Is “Daronomics” performing well? Or the economic strategies and policies followed by Finance Minister Ishaq Dar, really working as they did in his last tenure when he was performing the same role with the same job descriptions? Likeness opinions are roaming the market. Moving forward in this article, I am presenting you with a four-year comparison of key economic indicators during the three previous governments. Before starting the comparison, we should accept that the incumbent government has taken the sinking economy from the previous regime into its own hands. And with the capability and devotion of Dar and his team. This sinking economy is now in some anchored shape. Other than that, there is nothing solid to yearn for a return of the PTI. Delicate choices were postponed until the price became intolerable; the economy was mismanaged. It is unreasonable to hold the PDM solely responsible for the current economic woes; the PTI is equally at fault. The pursuit of the corrupt continued to be an obsession with no positive outcomes for Pakistan and no results at all. Valuable time that could have been used to improve governance was wasted in pointless filibustering. There was also too much bluster against all state institutions at one point, including the Army, the Judiciary, the Media, the Election Commission, and the Bureaucracy. Finally, no effort was made to improve governance.

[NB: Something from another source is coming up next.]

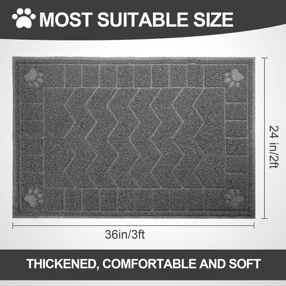 Motsamla Cat Litter Box Mat, 35" x 24" Large Kitty 1 Count (Pack of 1), Grey Product Details Premium Large PVC Cat Litter Mat: Generous 35" x 23" floor mat made of environmental PVC materials. Our large and generous size means more scatter control around the cat litter box, reducing your cleaning. New Design - Litter Trapper: The cat pad is made of durable material; the top has thick mesh coils to effectively grab litter, we have improved our design based on repeated testing, using a combination of indentation and high-quality mesh to catch litter, most of which is left on the mat, not the floor, effectively solving your cleaning problem. Gentle and Safe on Paws: The mat is made of super soft material, super soft on sensitive paws, your cat is comfortable walking on it and even a good place to rest; the mat does not contain any harmful substances (BPA Free), Measures 23" x 35" Multi-Purpose Mat: Simple and stylish mat can also be used as indoor and outdoor door mat, welcome mat, front door mat, cat litter mat, pet feeding mat. Anti-slip and waterproof function can be used for indoor and outdoor welcome mat , kitchen, toilet, bedroom, back door, laundry room, living room, etc. Easy to Clean: Simply shake off, vacuum, or soap up and rinse down. Your cat mat will be as good as new. Plus, this deluxe litter trapper comes with peace of mind. If not satisfied, please contact us, we will deal with after-sales problems for you.

The first performance indicator analyzed is the rate of economic growth. This indicator shows whether the economy has expanded by producing more goods and services or contracted due to lower output. This indicator favored Dar’s performance, as GDP growth during his tenure was 4.7 percent, compared to 3.5 percent and 2.8 percent during the PTI and PPP periods, respectively. Among the productive sectors, a somewhat higher growth rate was achieved during the PPP tenure in agriculture, despite the damage due to floods in 2009–10. Industrial growth and the expansion of services proceeded faster in the five years of the PML-N government. Indeed, these growth rates are all low by historical standards. Moreover, PML-N’s previous government collected Rs 2,255 billion in revenue in its first year and Rs 3,844 billion in its last year (FY 2018). The PTI government, on the other hand, started its first year with negative growth in revenue collection by collecting Rs3,829 billion, while revenue collection in its fourth year remained at Rs6,148 billion. Currently, during the first six months of the financial year 2022–23, revenue collection increased by 17.5 percent to Rs3,429 billion compared to the same period of the previous year. It seems the current year’s target to achieve Rs7,440 billion would be nearly achieved.

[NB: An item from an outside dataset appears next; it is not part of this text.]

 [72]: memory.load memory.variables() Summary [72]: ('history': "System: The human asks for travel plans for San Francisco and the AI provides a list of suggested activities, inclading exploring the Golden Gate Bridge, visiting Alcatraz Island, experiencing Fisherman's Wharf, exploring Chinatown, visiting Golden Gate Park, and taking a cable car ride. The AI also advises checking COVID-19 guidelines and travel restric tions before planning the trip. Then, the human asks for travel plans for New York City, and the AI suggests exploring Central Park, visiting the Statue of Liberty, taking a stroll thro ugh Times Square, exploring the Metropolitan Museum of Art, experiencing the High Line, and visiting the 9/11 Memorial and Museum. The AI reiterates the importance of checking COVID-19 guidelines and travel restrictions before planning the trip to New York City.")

Another key indicator of the performance of a government is its success in restricting the rate of increase in prices, especially of food items. Indeed, overall prices of goods and services have increased globally after Covid-19, when the world again came back to its routine. If we see our commodities, particularly our food items, as an agriculturist country, it’s alarming and should be a concern for the government to oversee the hike in the prices of those items that we are growing and producing on our own lands. The key administered prices are the prices, respectively, of wheat, motor spirit, and HSD oil. They generally reflect the movement in import prices, but when these are unusually high, downward adjustments can be made in tax rates. Alternatively, when the global prices of petroleum products are low, the petroleum levy is increased. In PPP tenure, the government made a quantum jump in the procurement price of wheat by 52 percent to raise the net incomes of farmers and boost production. As opposed to this, the PML-N government maintained a tight lid on the wheat price. Overall, it had considerable success in keeping the increase in food prices over their last tenure below 4 percent per year. More recently, there has been a big escalation in the rate of increase in food prices to almost 13 percent in 2021–22.
The trade deficit narrowed by 59.75 percent on a YoY basis to $1.461 billion in March 2023, compared to $3.630 billion in March 2022. Dar’s efforts to control trade deficits are commendable. Indeed, all the major currencies in the world performed negatively against the US dollar. Regarding our rupee’s depreciation, illicit means of currency transfers and smuggling of foreign reserves were the basic reasons behind the weakening of the currency. Pak-Afghan border smuggling is not new. New York-based media outlet ‘Bloomberg’ has revealed in its latest report that around $5 million is being smuggled from Pakistan to Afghanistan on a daily basis. It says that the smuggling of dollars provides “some support for the squeezed economy after the US and Europe denied the Taliban regime access to billions in foreign reserves.” Directing the LEAs to work on dismantling the network of smugglers should be a priority for the current regime. Indeed, it’s also reflected in the initiatives taken by the finance ministry to suppressant this smuggling. Now hope for the tangible outcomes.